Brunei

Home 2014-15 – Lotto

   

   

  

The country

Straddling the northern coast of Borneo in Southeast Asia, the itsy bitsy, teenie weenie, yellow polka dotted (ok, that last one’s debatable) nation of Brunei can count itself amongst the wealthiest countries in the world thanks pretty much entirely to their 1929 discovery of massive offshore oil reserves, an event celebrated annually as ‘what the fuck did we ever do without this stuff day.’ Oil, however, obviously doesn’t last forever and best estimates are that national supplies will dry up sometime around 2030. With this is mind you’d think Brunei’s reigning Sultan Hassanal Bolkiah might be a little conservative when it comes to splashing his estimated £15 billion personal fortune, but it turns out no, not a bit of it, in fact the man’s list of personal possessions is so grandiose as to be practically satirical, almost as if he were ticking off the boxes on billionaire cliche bingo. Presently his majesty can claim ownership of a 1,700 room palace – replete with banquet hall, five swimming pools and private zoo – a collection of over 9,000 classic cars including a gold-plated Rolls Royce, a fleet of private jets, numerous racehorses and god knows how many yachts. Therein lies the problem, how exactly do you convince someone to run a tight ship when their obvious riposte is “which one?”

As for the remaining 417,000 who call Brunei home, aka “the help”, the majority are of ethnic Malay stock with a sizeable Chinese minority as well as smatterings of Indians, Europeans and the indigenous Sama-Bajau, or ‘Sea Gypsies’, a curious group who dwell on floating huts in coastal waters, shun material possessions and reject all modern technology, presumably as they’ve nowhere to plug it in. As an Islamic nation, Brunei recently courted a fair amount of controversy when, in 2014, the ever-aloof Sultan began the implementation of Sharia Law, this despite his own outlandish, hedonistic antics making himself a violator of those very same laws. Women’s rights especially could be in for a battering, not to mention the women themselves should they care to voice a dissenting opinion, or any opinion, or do anything remotely provocative like flashing a bit of bare ankle. His Majesty however has been doing his best to dispel such fears, insisting women will always have a crucial role in his society, whether it be fanning him down with oversized palm leaves or hand-feeding him strawberries.

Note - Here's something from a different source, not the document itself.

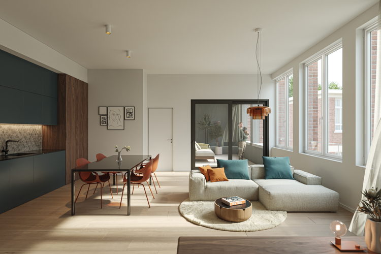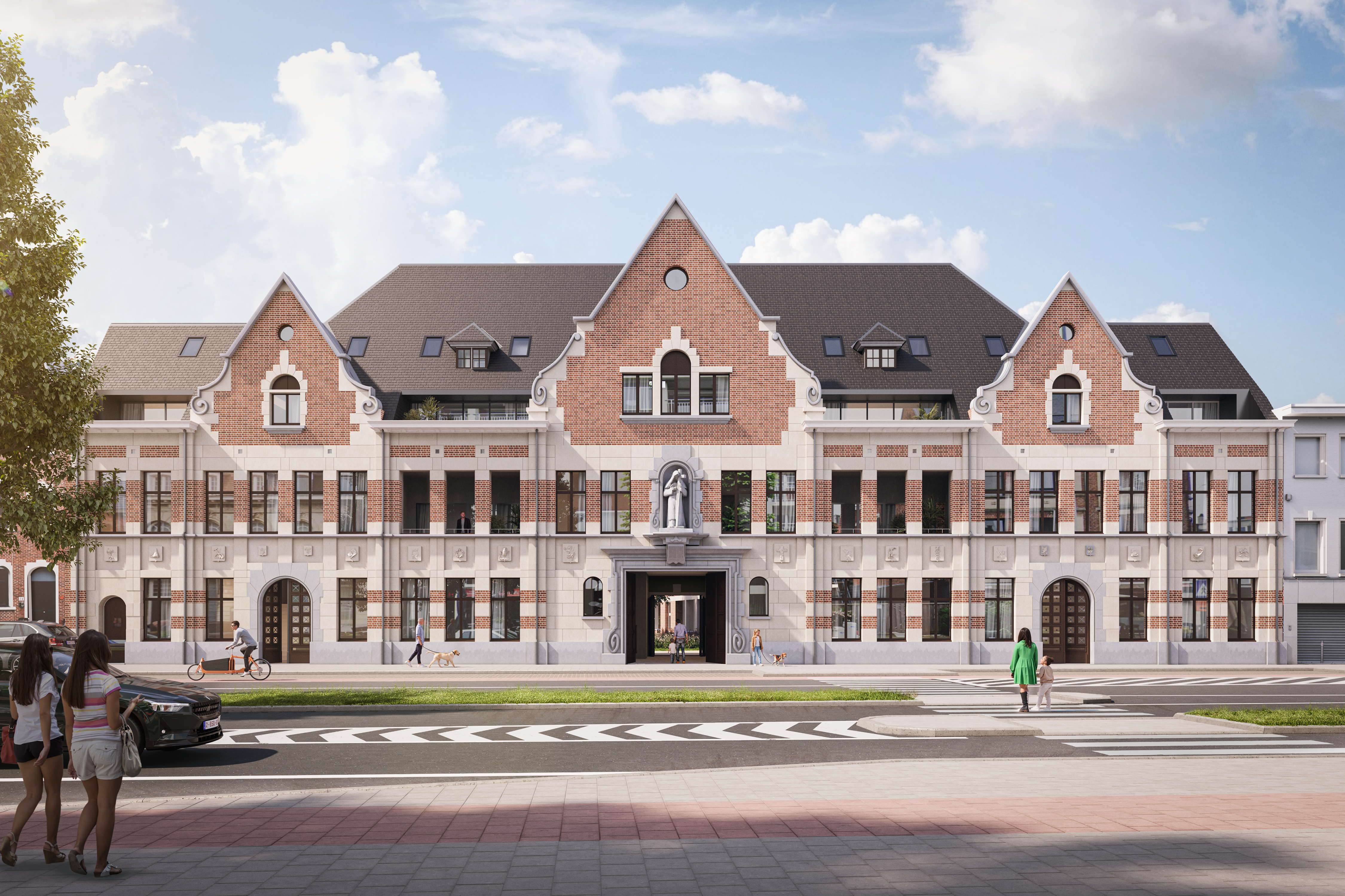 Concreet komen direct achter de historische voorgevel 15 appartementen van 58 tot 127 vierkante meter. Het Antwerpse META Architectuurbureau voorziet deze zogeheten ‘Campus-appartementen’ van onder meer grote ramen, hoge plafonds en overdekte terrassen. De andere oude klasgebouwen in typische rode bakstenen worden volledig gerenoveerd. Ze krijgen aan de ene zijde van de binnenplaats een nieuw leven als 4 geschakelde woningen met overdekte terrassen en aan de andere zijde als 2 woningen met elk een terras achteraan en 4 appartementen van 54 tot 89 vierkante meter.

Unlike other oil-rich nations we could mention – cough, Qatar, Equatorial Guinea, cough – Brunei has thus far resisted the temptation to flood their national squad full of foreign mercenaries although, seeing as how the team briefly employed misfit ex Blackburn boss Steve Kean as head coach, perhaps recruiting from abroad simply isn’t their strong suit. Under the less than astute Scot’s less than astute leadership Brunei’s form dipped alarmingly, with the team even tumbling to an embarrassing 4-2 defeat against East Timor, who traditionally are one of the few Asian countries that the Bruneians would actually expect to beat. Unsurprisingly Kean’s services were dispensed with shortly thereafter and results have improved somewhat. Brunei even won a World Cup qualifier for the first time ever in March 2015, beating Taiwan 1-0 away in the first leg of their preliminary tie for Russia 2018, although they still managed to screw it up by losing the return 2-0 at home.

This brief sojourn into the international arena was however a comparative rarity, representing as it does just the third World Cup participation in the country’s history to go with equally futile attempts in 1986 and 2002. The national team’s low profile can, in part at least, be attributed to their curious habit of competing in neighbouring Malaysia’s domestic league and cup – even winning the latter in 1999  –  which seems to take precedence over the merciless thrashings they’d doubtless sustain through regular matches against the likes of Japan, South Korea et al. To further muddy the waters between domestic and international football, in 2005 Brunei relinquished their place in the Malaysian league and were replaced by their top club side Brunei DPMM FC, a team currently coached by one Mr Steve Kean, because apparently nobody in Southeast Asia has ever had access to English Premier League coverage.

The shirt

If you chuck “Brunei football shirt” into the eBay search engine you’ll most likely be presented with the DPMM club side’s kit, the current version of which seems to be a carbon copy of Arsenal’s infamous ‘bruised banana’ shirt from the early 1990s. (See  below.)

  

National shirts are typically a little harder to come by. Thankfully in 2015 this splendid design from Lotto became freely available online, enabling me to snap it up for a relatively painless price. Brunei’s colours of yellow and black are clearly borrowed from the nation’s flag and they’ve also given rise to the team’s nickname: “The Wasps”, suggesting a viscous streak, potent sting and a tendency to ruin your family picnic, that is until you realise they can be placated by smearing something with jam as a decoy such as a superfluous jar, some discarded bread or a particularly irksome nephew.